Material supplied:
============================================================

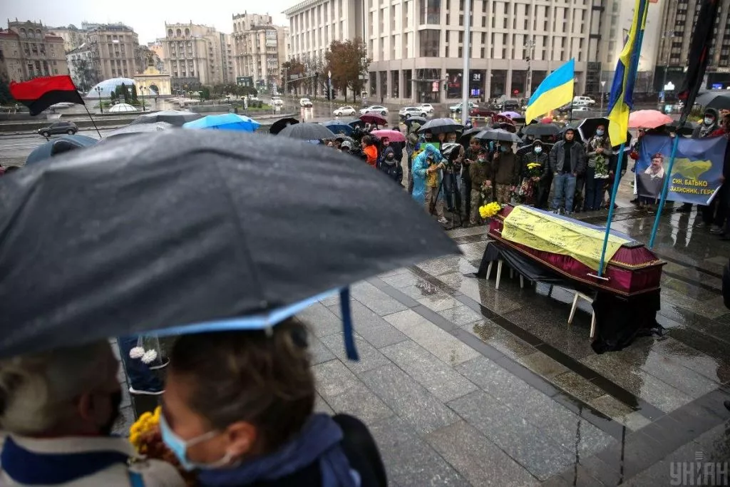 На Майдані Незалежності в Києві відбулась прощальна церемонія з 49-річним ветераном АТО Миколою Микитенком, який у ніч на 11-го жовтня підпалив себе на знак протесту політики чинного керівництва держави. Чоловік підпалив себе, бо не погоджувався з політикою Володимира Зеленського.
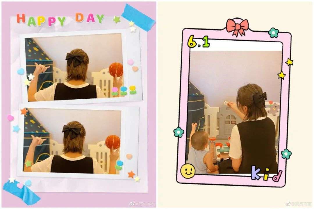 马丽与儿子过六一
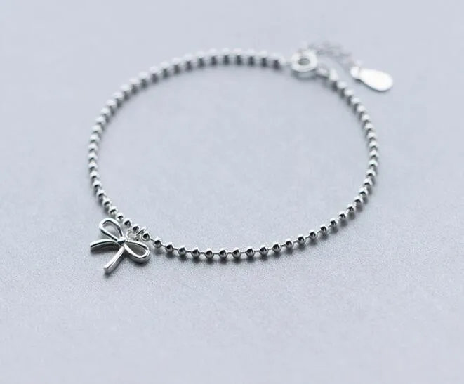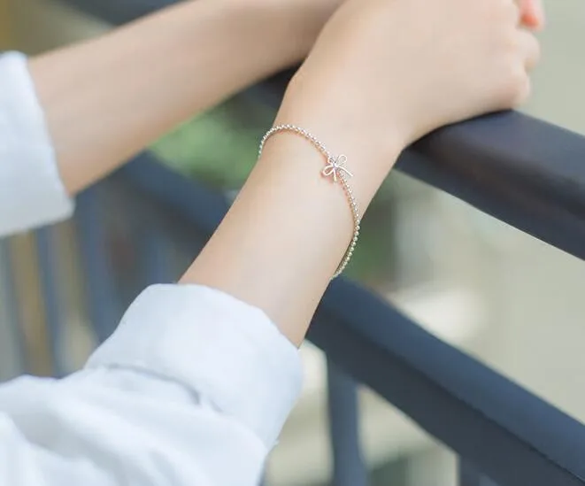 Real. 925 Sterling Silver jewelry Bowknot &Beads chain bracelet sterling-silver-jewelry adjustable GTLS255
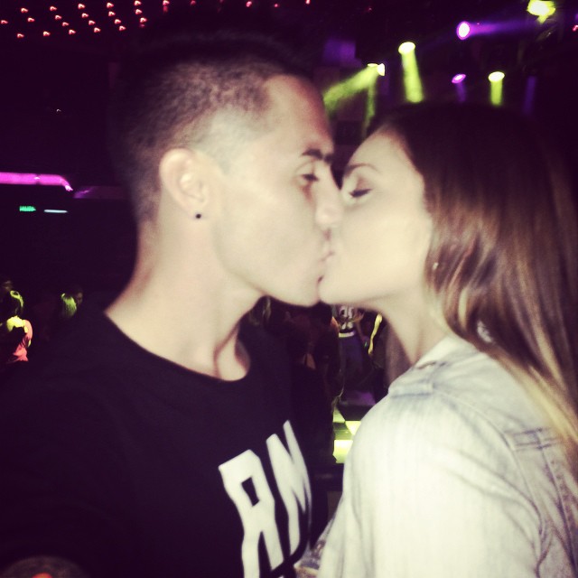 Luego de ir varias veces a ver a su nuevo amor al estadio, compartió esta fotografía en su Instagram, besándose con el jugador.
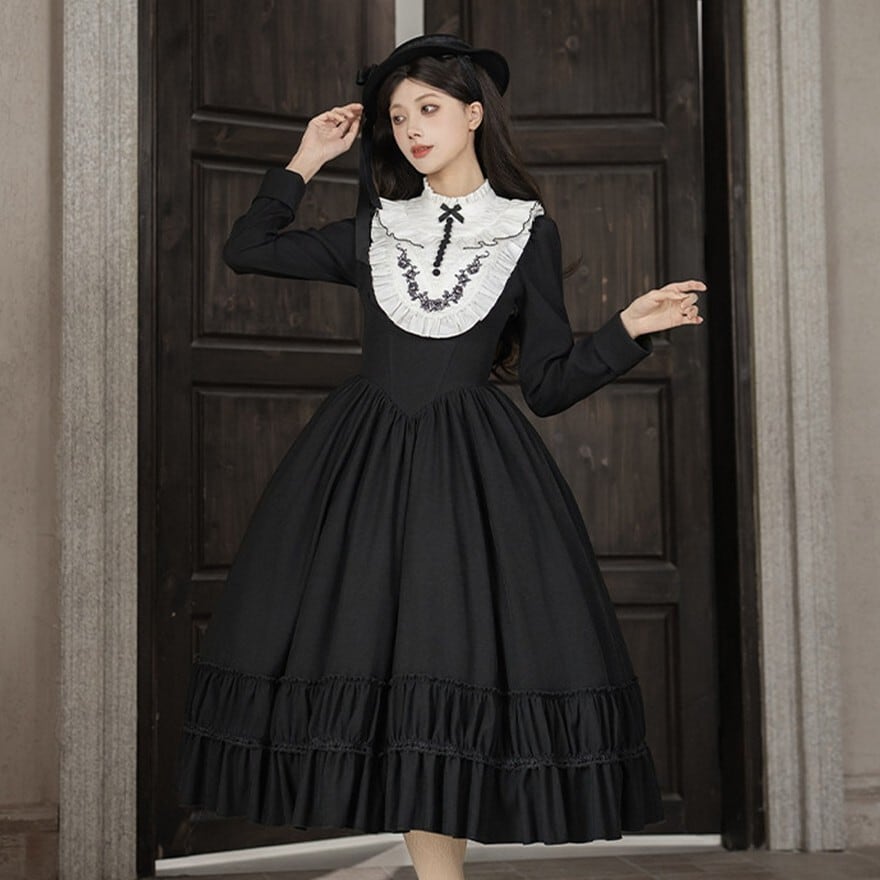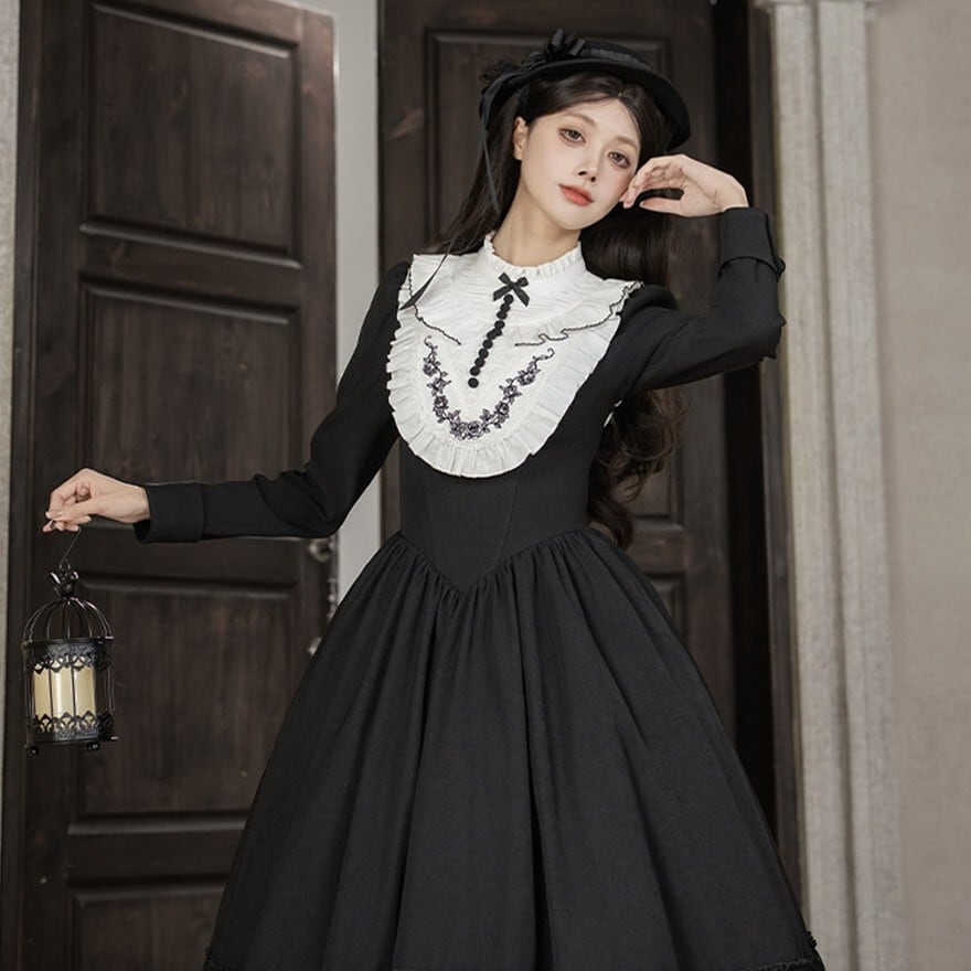 静かな礼拝堂からそのまま歩み出てきたような、凛とした空気を纏うゴスロリロングワンピースです。深い黒で構成されたドレスに、白い偽襟が浮かび上がるコントラスト。背中の編み上げや裾のフリルが重なり、厳かな修道女のイメージとロリータの華やかさが静かに交差します。ワンピース・偽襟・ベレー帽の3点で完成する、物語性の強いスタイルです。

============================================================

Work item:
The answer should consist only of the lines from the line with "Real. 925 Sterling" through the last line of the data, repeated exactly; pictures stay out.

Result below:
 Real. 925 Sterling Silver jewelry Bowknot &Beads chain bracelet sterling-silver-jewelry adjustable GTLS255
 Luego de ir varias veces a ver a su nuevo amor al estadio, compartió esta fotografía en su Instagram, besándose con el jugador.
 静かな礼拝堂からそのまま歩み出てきたような、凛とした空気を纏うゴスロリロングワンピースです。深い黒で構成されたドレスに、白い偽襟が浮かび上がるコントラスト。背中の編み上げや裾のフリルが重なり、厳かな修道女のイメージとロリータの華やかさが静かに交差します。ワンピース・偽襟・ベレー帽の3点で完成する、物語性の強いスタイルです。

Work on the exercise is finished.